There was nothing unusual about Woodard’s horrific maiming. It was part of a wave of systemic violence deployed against black Americans after Reconstruction, in both the North and the South. As the egalitarian spirit of post-Civil War America evaporated under the desire for national reunification, black Americans, simply by existing, served as a problematic reminder of this nation’s failings. White America dealt with this inconvenience by constructing a savagely enforced system of racial apartheid that excluded black people almost entirely from mainstream American life — a system so grotesque that Nazi Germany would later take inspiration from it for its own racist policies.
Despite the guarantees of equality in the 14th Amendment, the Supreme Court’s landmark Plessy v. Ferguson decision in 1896 declared that the racial segregation of black Americans was constitutional. With the blessing of the nation’s highest court and no federal will to vindicate black rights, starting in the late 1800s, Southern states passed a series of laws and codes meant to make slavery’s racial caste system permanent by denying black people political power, social equality and basic dignity. They passed literacy tests to keep black people from voting and created all-white primaries for elections. Black people were prohibited from serving on juries or testifying in court against a white person. South Carolina prohibited white and black textile workers from using the same doors. Oklahoma forced phone companies to segregate phone booths. Memphis had separate parking spaces for black and white drivers. Baltimore passed an ordinance outlawing black people from moving onto a block more than half white and white people from moving onto a block more than half black.

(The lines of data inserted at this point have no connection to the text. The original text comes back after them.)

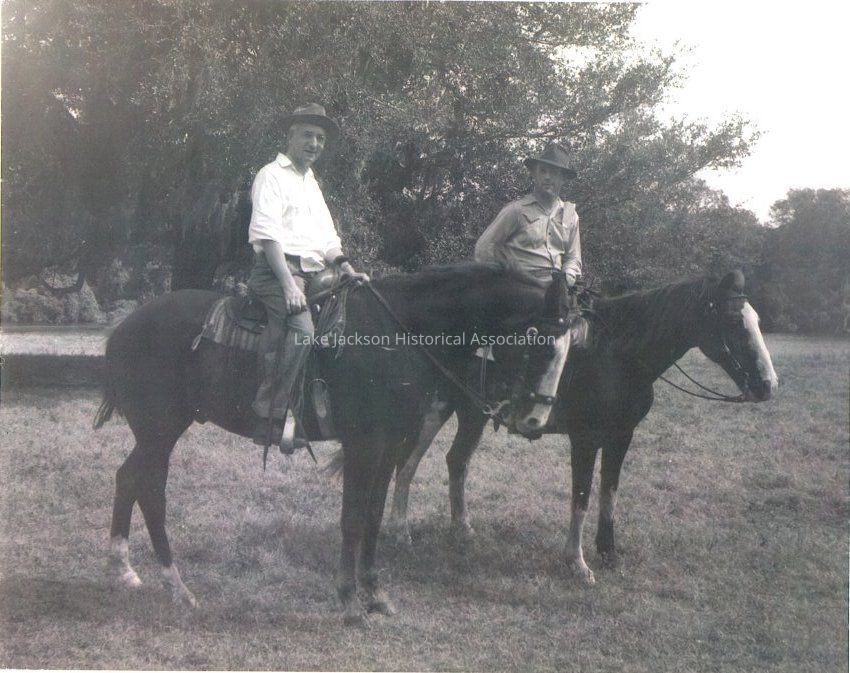 Black and white photo of brothers Williard and Alden Dow sitting on their horses while in Lake Jackson. CopyCollection
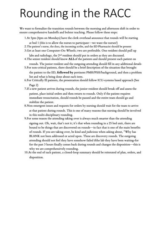 Rounding in The RACC Page 2 | PDF | Causes Of Death | Health Care
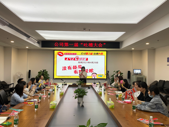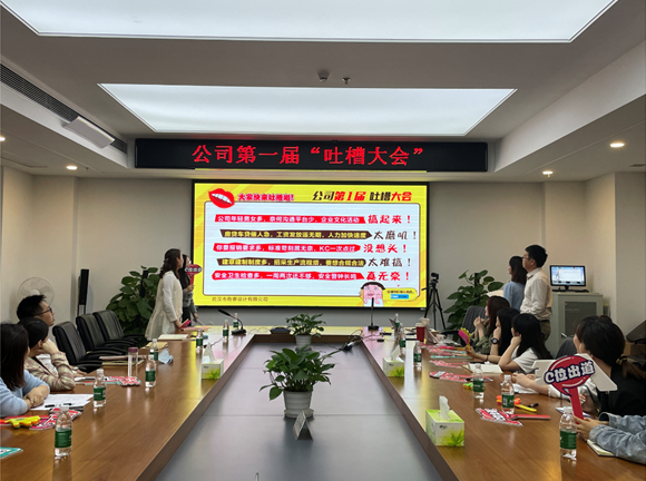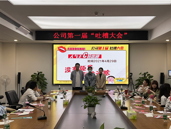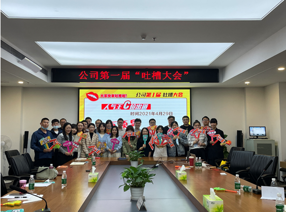 本次吐槽大會主要目的是加強公司職能部門與各生產(chǎn)部門之間的溝通交流,進一步發(fā)現(xiàn)工作中的問題,促進工作效率和工作管理水平的提升。為了本次吐槽大會開的更加接地氣,效果更佳,綜合部(黨群工作部)前期通過辦公云平臺(KC平臺)、意見箱匿名收集意見,各生產(chǎn)部門都進行了內(nèi)部槽點征集、吐槽代表選派和吐槽文稿撰寫,有的甚至幾易其稿。為了增強現(xiàn)場表現(xiàn)力,相關(guān)部門內(nèi)部還組織了頭腦風暴,并在網(wǎng)上搜集學習了吐槽技巧。
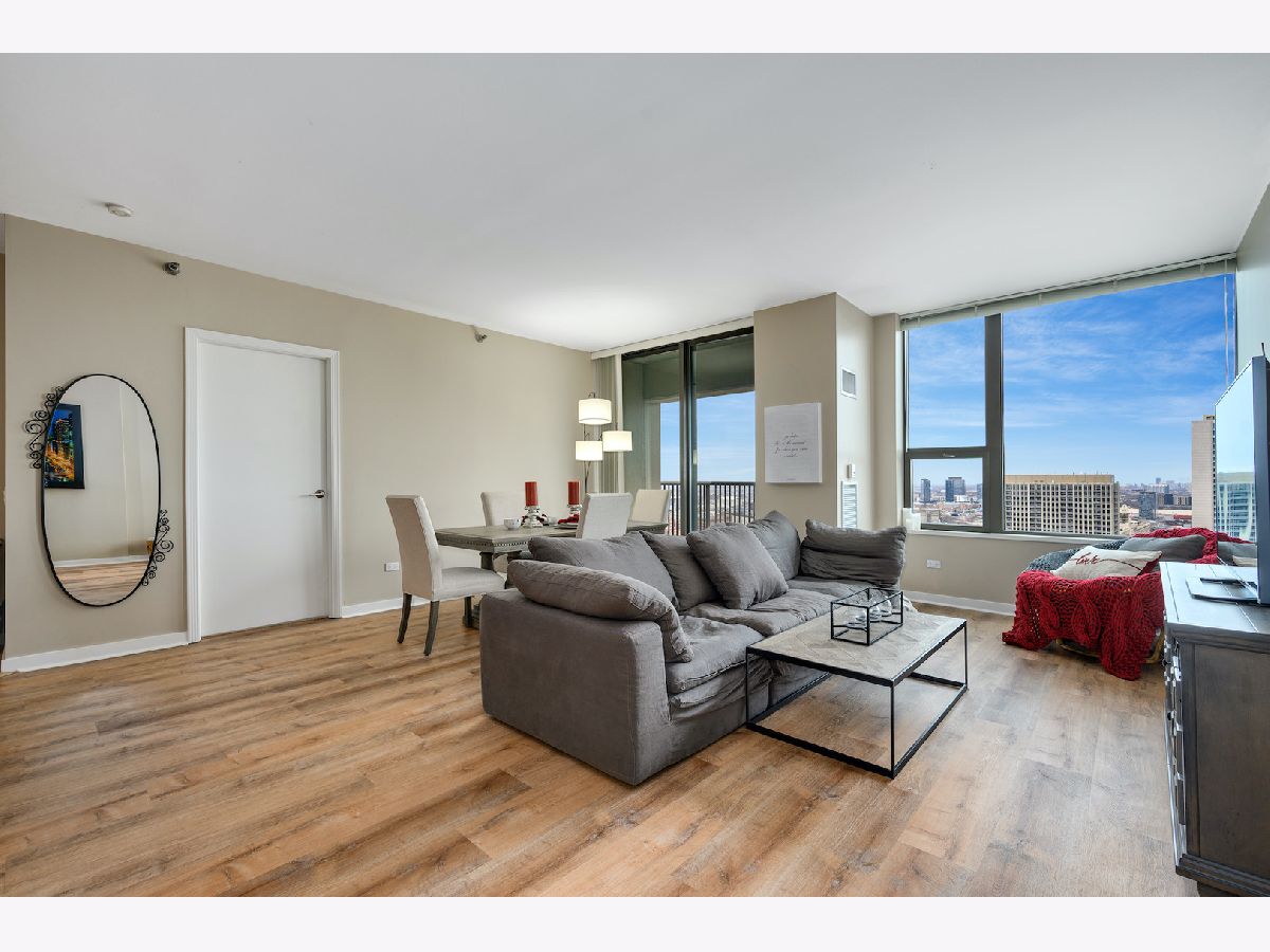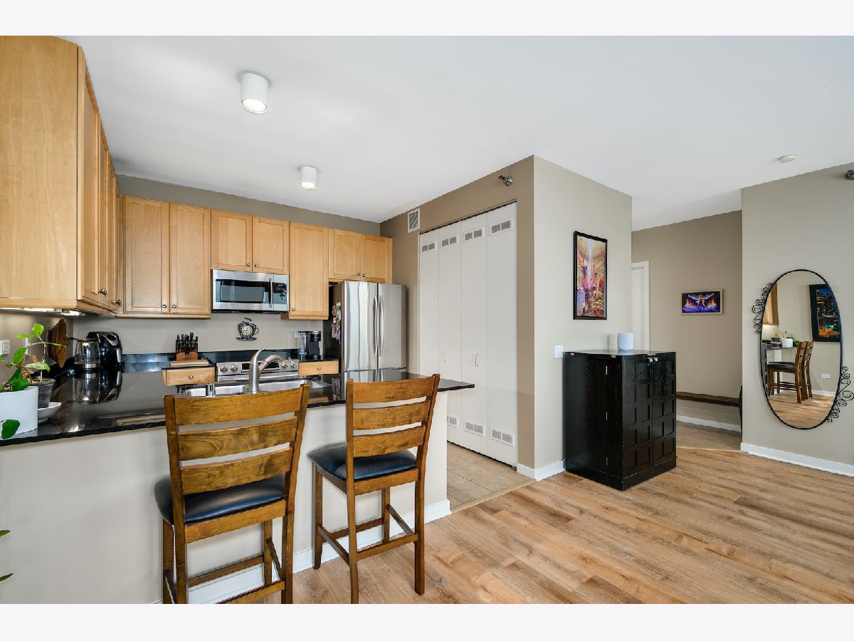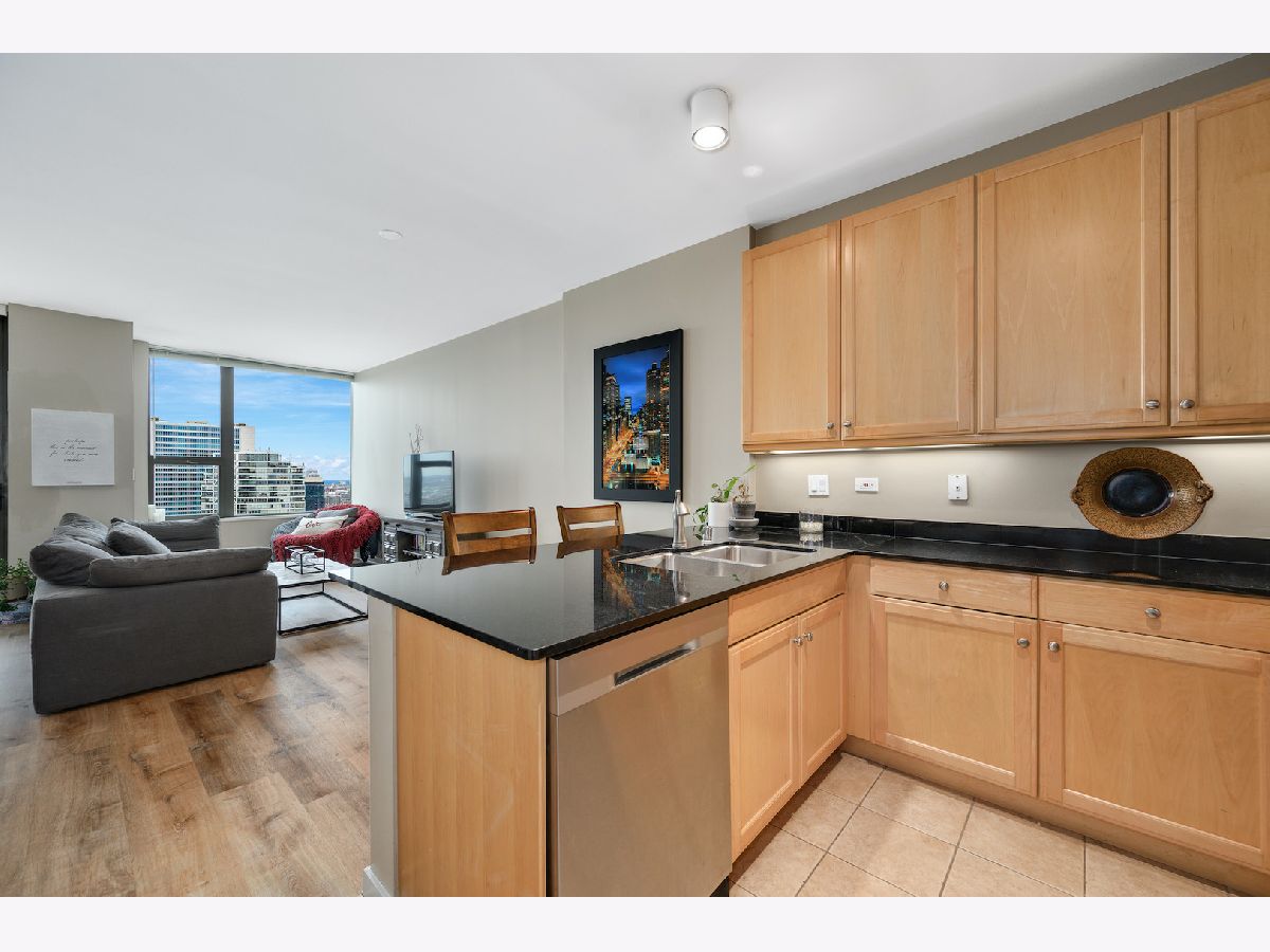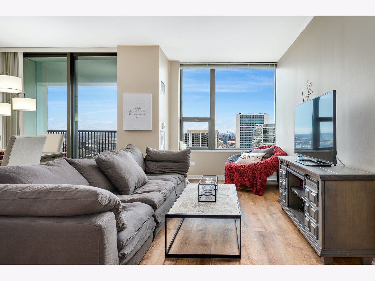 Parking was not included in the Rental. Over 900 square feet of gracious and functional space featuring open Kitchen with high end appliances, large integrated balcony with stellar city and river views, large bedroom and endless storage including new custom elfa system in hallway and bedroom . First class building amenities are standard at Kinzie Park including 24 hour gate attendant, free guest parking, manicured common grounds, 24 hour doorman, pool, health club and secure indoor heated garage parking. Satellite television and internet are included as well as heat and AC. Lovely residential building with high owner occupancy.
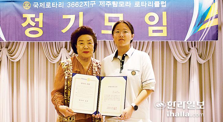 국제로타리 3662지구 제주탐모라 로타리클럽(회장 김민조)은 지난 7일 아스타호텔 연회장에서 개최된 정기모임 자리에서 오정희 장학인이 제주여자고등학교 김남희 학생에게 장학금 100만원과 증서를 전달했다고 밝혔다.
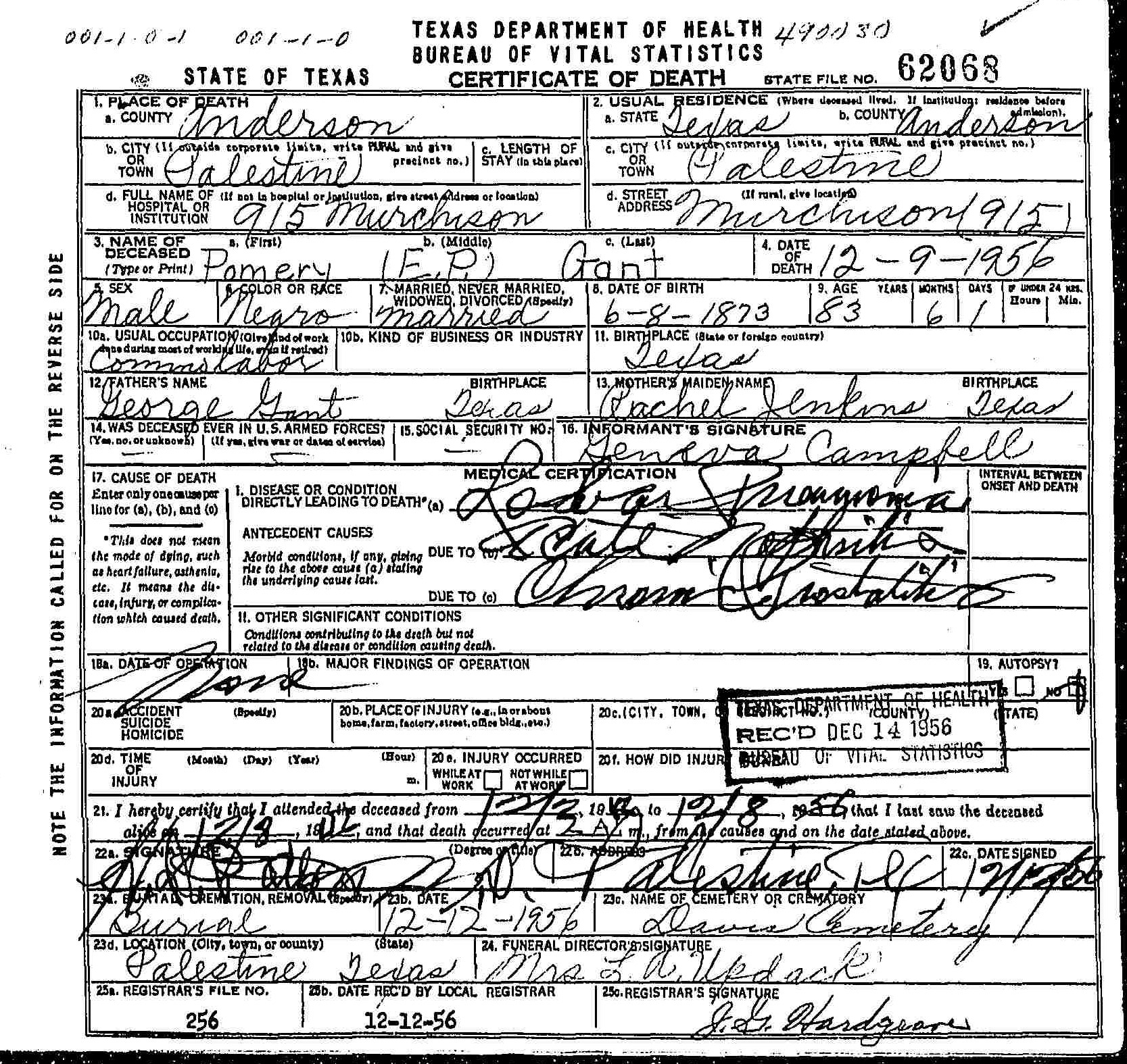 Died:  December 9 1956 - Palestine, Anderson, Texas

Georgia made it illegal for black and white people to be buried next to one another in the same cemetery. Alabama barred black people from using public libraries that their own tax dollars were paying for. Black people were expected to jump off the sidewalk to let white people pass and call all white people by an honorific, though they received none no matter how old they were. In the North, white politicians implemented policies that segregated black people into slum neighborhoods and into inferior all-black schools, operated whites-only public pools and held white and 𠇌olored” days at the country fair, and white businesses regularly denied black people service, placing “Whites Only” signs in their windows. States like California joined Southern states in barring black people from marrying white people, while local school boards in Illinois and New Jersey mandated segregated schools for black and white children.
This caste system was maintained through wanton racial terrorism. And black veterans like Woodard, especially those with the audacity to wear their uniform, had since the Civil War been the target of a particular violence. This intensified during the two world wars because white people understood that once black men had gone abroad and experienced life outside the suffocating racial oppression of America, they were unlikely to quietly return to their subjugation at home. As Senator James K. Vardaman of Mississippi said on the Senate floor during World War I, black servicemen returning to the South would “inevitably lead to disaster.” Giving a black man “military airs” and sending him to defend the flag would bring him “to the conclusion that his political rights must be respected.”
Many white Americans saw black men in the uniforms of America’s armed services not as patriotic but as exhibiting a dangerous pride. Hundreds of black veterans were beaten, maimed, shot and lynched. We like to call those who lived during World War II the Greatest Generation, but that allows us to ignore the fact that many of this generation fought for democracy abroad while brutally suppressing democracy for millions of American citizens. During the height of racial terror in this country, black Americans were not merely killed but castrated, burned alive and dismembered with their body parts displayed in storefronts. This violence was meant to terrify and control black people, but perhaps just as important, it served as a psychological balm for white supremacy: You would not treat human beings this way. The extremity of the violence was a symptom of the psychological mechanism necessary to absolve white Americans of their country’s original sin. To answer the question of how they could prize liberty abroad while simultaneously denying liberty to an entire race back home, white Americans resorted to the same racist ideology that Jefferson and the framers had used at the nation’s founding.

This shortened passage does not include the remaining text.